- EXERCISE DETAILS: Your output must be the lines below from the line containing "設(shè)置完成后,在功能" to the line containing "1、在服务协议和隐私协议界面,点击【同意】,进入登录环节。", both lines included, reproduced exactly and without pictures.

- DATA SUPPLIED:
· · · · · · ·

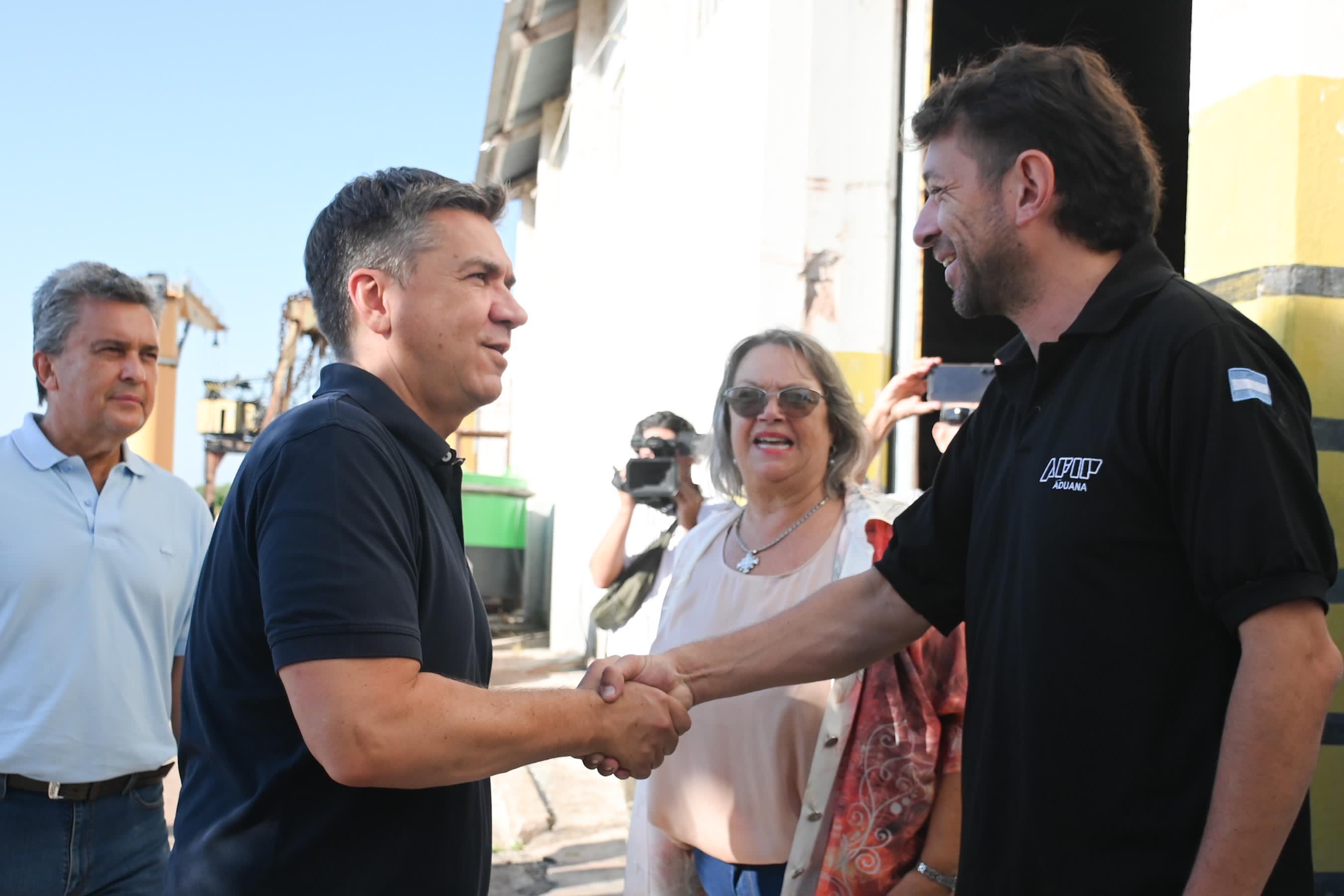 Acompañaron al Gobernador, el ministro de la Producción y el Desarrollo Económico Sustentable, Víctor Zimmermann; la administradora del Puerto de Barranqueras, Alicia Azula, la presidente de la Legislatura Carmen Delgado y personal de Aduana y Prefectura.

· · · · · · ·

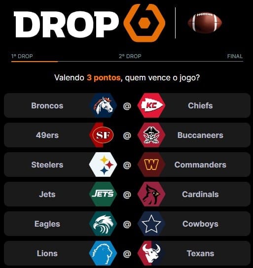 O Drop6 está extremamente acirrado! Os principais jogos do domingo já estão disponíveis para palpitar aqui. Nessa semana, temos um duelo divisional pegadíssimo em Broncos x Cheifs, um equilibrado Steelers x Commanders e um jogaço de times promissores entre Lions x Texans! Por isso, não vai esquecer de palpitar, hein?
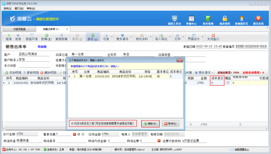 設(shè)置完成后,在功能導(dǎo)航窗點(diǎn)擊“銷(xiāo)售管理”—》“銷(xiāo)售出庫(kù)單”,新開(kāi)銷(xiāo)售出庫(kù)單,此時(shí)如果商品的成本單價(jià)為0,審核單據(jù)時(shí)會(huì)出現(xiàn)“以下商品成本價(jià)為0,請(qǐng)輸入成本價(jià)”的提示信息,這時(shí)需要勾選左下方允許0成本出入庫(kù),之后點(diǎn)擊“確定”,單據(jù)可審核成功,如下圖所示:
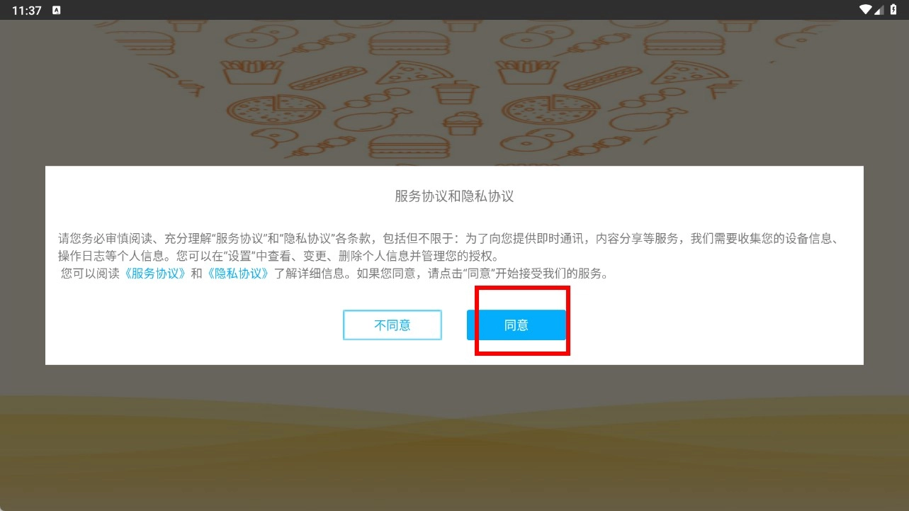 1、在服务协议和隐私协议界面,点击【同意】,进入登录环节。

· · · · · · ·

- RESULT OF THIS EXERCISE:
 設(shè)置完成后,在功能導(dǎo)航窗點(diǎn)擊“銷(xiāo)售管理”—》“銷(xiāo)售出庫(kù)單”,新開(kāi)銷(xiāo)售出庫(kù)單,此時(shí)如果商品的成本單價(jià)為0,審核單據(jù)時(shí)會(huì)出現(xiàn)“以下商品成本價(jià)為0,請(qǐng)輸入成本價(jià)”的提示信息,這時(shí)需要勾選左下方允許0成本出入庫(kù),之后點(diǎn)擊“確定”,單據(jù)可審核成功,如下圖所示:
 1、在服务协议和隐私协议界面,点击【同意】,进入登录环节。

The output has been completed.